Y si en algún momento pareciera emerger la posibilidad de un giro en esta mirada compasiva, de una inflexión crítica del punto de vista, observamos ocurre solo cuando se registra la interpretación profundamente visceral de Catalina Saavedra, cerca de la mitad de la cinta: Un instante material y peligroso, en la progresión dramática del argumento y sobre la superficie del film, en cual el discurso atraviesa el cuerpo del personaje hasta su somatización desbordada, trágicamente fuera de quicio, pudiendo esto desencadenar un quiebre, una desestabilización o un cuestionamiento del soporte que crea sus propias condiciones. Y sin embargo la inquietante y provocativa deixis que aparece en ese momento, en la aguda interpelación del personaje de Mariana Loyola (la Lucy, otra empleada), quien le dice a Raquel “¡Qué le hicieron, oiga, qué le hicieron!..”, se cuelga en el vacío.
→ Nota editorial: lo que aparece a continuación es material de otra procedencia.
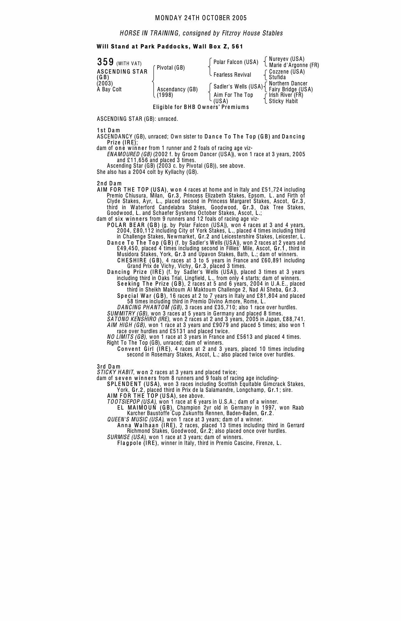 Consignor: Fitzroy House Stables

No irrumpe —simplemente porque no hay— ningún un otro relato que contenga este gesto de potencial insubordinación, y su contingencia política (oh, sugerente analogía actual) se desmadeja en ninguna parte. Aquí el polo dominante de esta tensión permanece indeterminado, como en sombras; la parodia a la familia acomodada y perfecta no plantea más que un telón de fondo irónico, arquetípico —lleno de lugares comunes, guiños autorreferentes y anécdotas de clase—, sin crisis formal ni argumental; y nunca se piensa como lo que estructuralmente significa en esta historia (o lo que sería peor, se piensa y se consiente): ideologema que naturaliza una relación social de explotación, y que requiere funcionalmente de esa relación para constituirse a sí mismo como grupo; que necesita de ésta en algún punto como su propia condición de posibilidad. Desde aquí, es sugerente, coherente —incluso podríamos decir siniestro— el reconocimiento de la patrona (Claudia Celedón) de no poder echar a “la nana” de la casa, simplemente porque no puede.
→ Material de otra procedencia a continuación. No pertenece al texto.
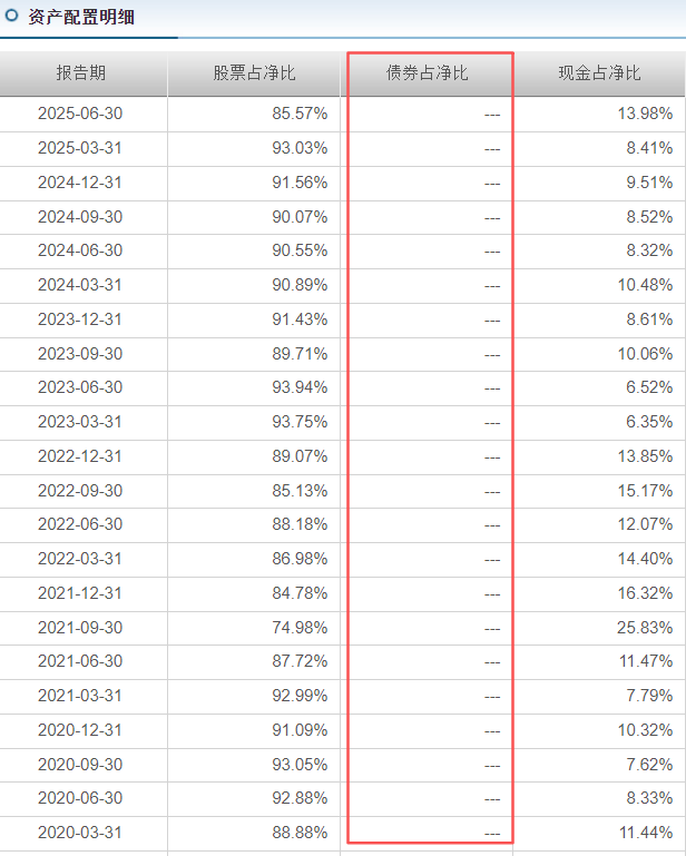 无论牛熊,基金经理始终高股票仓位运作,同时剩余仓位只持有现金,未投资于债券。

Así la economía narrativa de la película logra hacer frente en sus propios términos a los puntos de fuga que parecen de pronto querer interrumpir la coherencia suturada de esta ficción. Disrupciones o disonancias que quedan sin articulación, sin posibilidad de representarse en el discurso, operando para nuestra cultura criolla —en tanto referente directo— incluso como topes y refuerzos de la propia organización “centrípeta” de lo dado. En consecuencia La Nana, como ficción anecdótica sobre otra ficción que sí va en serio (la ficción social de la empleada doméstica), que naturalizada desde hace mucho tiempo sí crea y reproduce una realidad de dominación y explotación real de personas; constituye como film, decíamos, una reaccionaria forma de ser “culpable”. Orden restituido, la redención posible (cuestión que en todo caso no le exigíamos a la cinta) queda frustrada por su clausura política. Y es importante considerarlo, pues sus mismos méritos estilísticos y flamante recepción, en el inquietante momento ideológico por el que atravesamos, urge salirle al paso, discutir y complicar sus representaciones, aunque solo sea desde esta trinchera vagabunda.